500-of-1000 is not much better than 50-of-100). When P is high and the
expansion factor is held at a constant, higher values of K and N give much
better reliability (for P=99%, 50-out-of-100 is much much better than 5-of-10,
roughly 10^50 times better), because there are more shares that can be lost
without losing the file.

Likewise, the total number of nodes in the network affects the same
granularity: having only one node means a single point of failure, no matter
how many copies of the file you make. Independent nodes (with uncorrelated
failures) are necessary to hit the mathematical ideals: if you have 100 nodes
but they are all in the same office building, then a single power failure will
take out all of them at once. The "Sybil Attack" is where a single attacker
convinces you that they are actually multiple servers, so that you think you
are using a large number of independent nodes, but in fact you have a single
point of failure (where the attacker turns off all their machines at
once). Large grids, with lots of truly independent nodes, will enable the use
of lower expansion factors to achieve the same reliability, but will increase
overhead because each node needs to know something about every other, and the
rate at which nodes come and go will be higher (requiring network maintenance
traffic). Also, the File Repairer work will increase with larger grids,
although then the job can be distributed out to more nodes.

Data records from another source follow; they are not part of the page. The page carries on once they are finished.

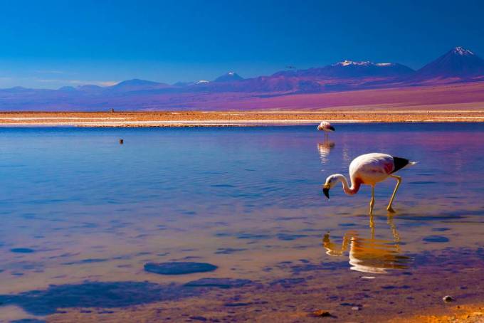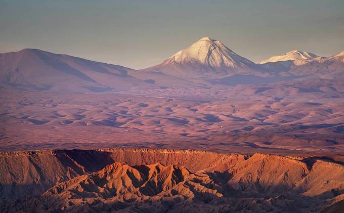 在“旱極”阿塔卡馬沙漠,大自然的鬼斧神工塑造出了迷人景緻。寬廣的鹽鹼地和永恆的雪火山遠遠望去別具情致。
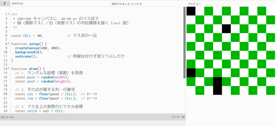 - 簡単なアニメーションの作成:画面上で動きのある作品を作り、動きのロジックを理解します。
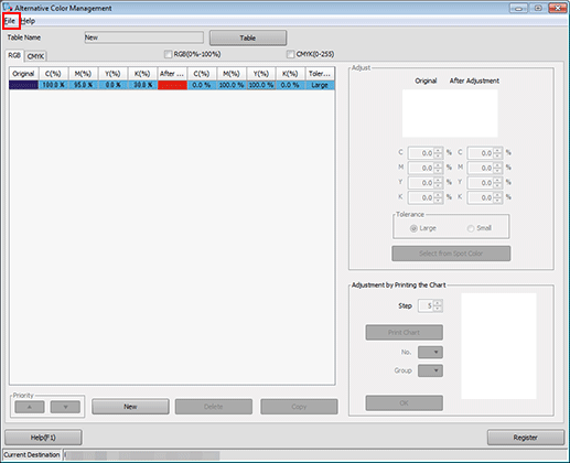 7. After checking that the alternative color is registered, close the screen by selecting [Close] from the [File] menu.

Higher values of N increase overhead: more shares means more Merkle hashes
that must be included with the data, and more nodes to contact to retrieve the
shares. Smaller segment sizes reduce memory usage (since each segment must be
held in memory while erasure coding runs) and improves "alacrity" (since
downloading can validate a smaller piece of data faster, delivering it to the
target sooner), but also increase overhead (because more blocks means more
Merkle hashes to validate them).

In general, small private grids should work well, but the participants will
have to decide between storage overhead and reliability. Large stable grids
will be able to reduce the expansion factor down to a bare minimum while still
retaining high reliability, but large unstable grids (where nodes are coming
and going very quickly) may require more repair/verification bandwidth than
actual upload/download traffic.

Tahoe nodes that run a webserver have a page dedicated to provisioning
decisions: this tool may help you evaluate different expansion factors and
view the disk consumption of each. It is also acquiring some sections with
availability/reliability numbers, as well as preliminary cost analysis data.
This tool will continue to evolve as our analysis improves.

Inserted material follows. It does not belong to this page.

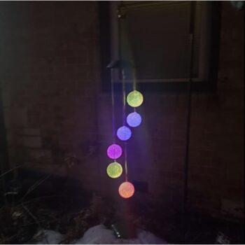 Cute solar chimes. I hang it by my window and use it as a night light. It goes on when it gets dark and stay on for about 3 hours. It is very relaxing watching it changing color when laying on bed.
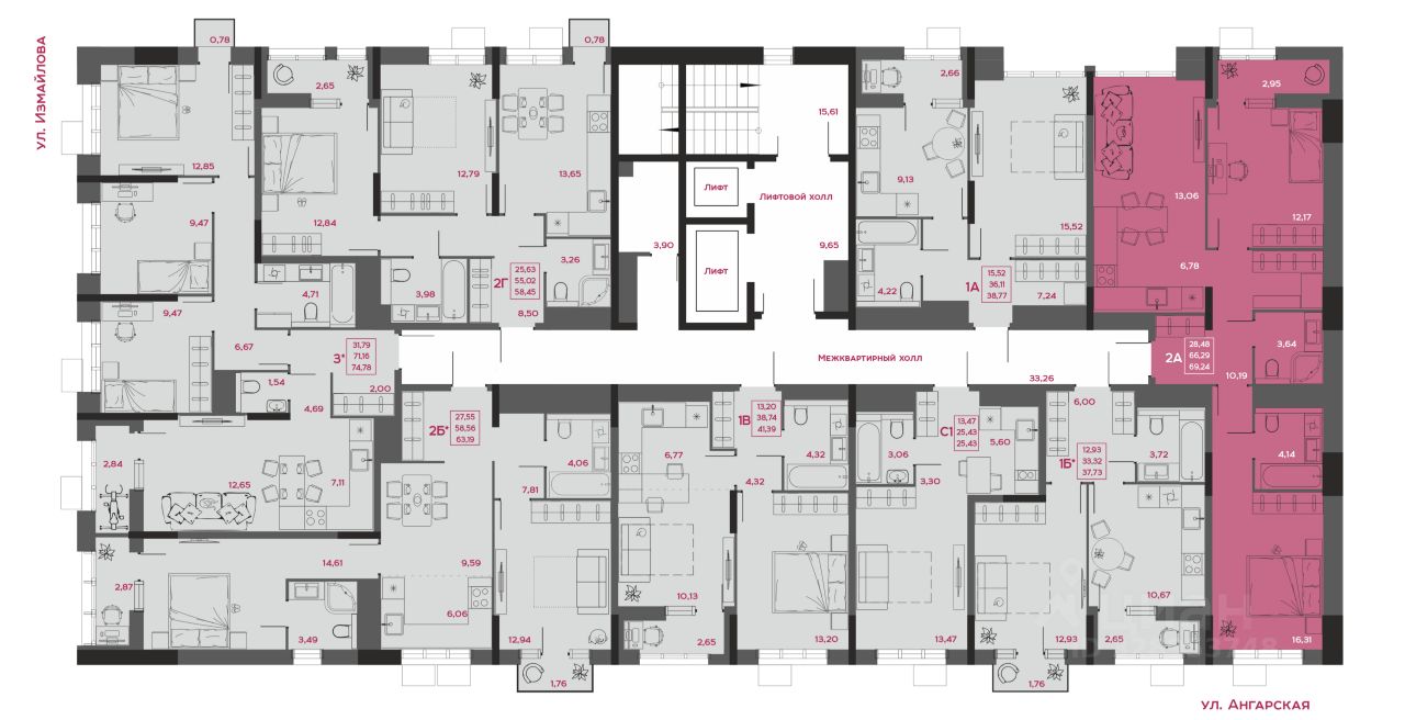 - коллекция квартир от 24,48 до 129,82 м²

------------------------------

[1]: http://en.wikipedia.org/wiki/Zooko%27s_triangle

[2]: all of these names are derived from the location where they were
     concocted, in this case in a car ride from Boulder to DEN. To be
     precise, "Tahoe 1" was an unworkable scheme in which everyone who holds
     shares for a given file would form a sort of cabal which kept track of
     all the others, "Tahoe 2" is the first-100-nodes in the permuted hash
     described in this document, and "Tahoe 3" (or perhaps "Potrero hill 1")
     was the abandoned ring-with-many-hands approach.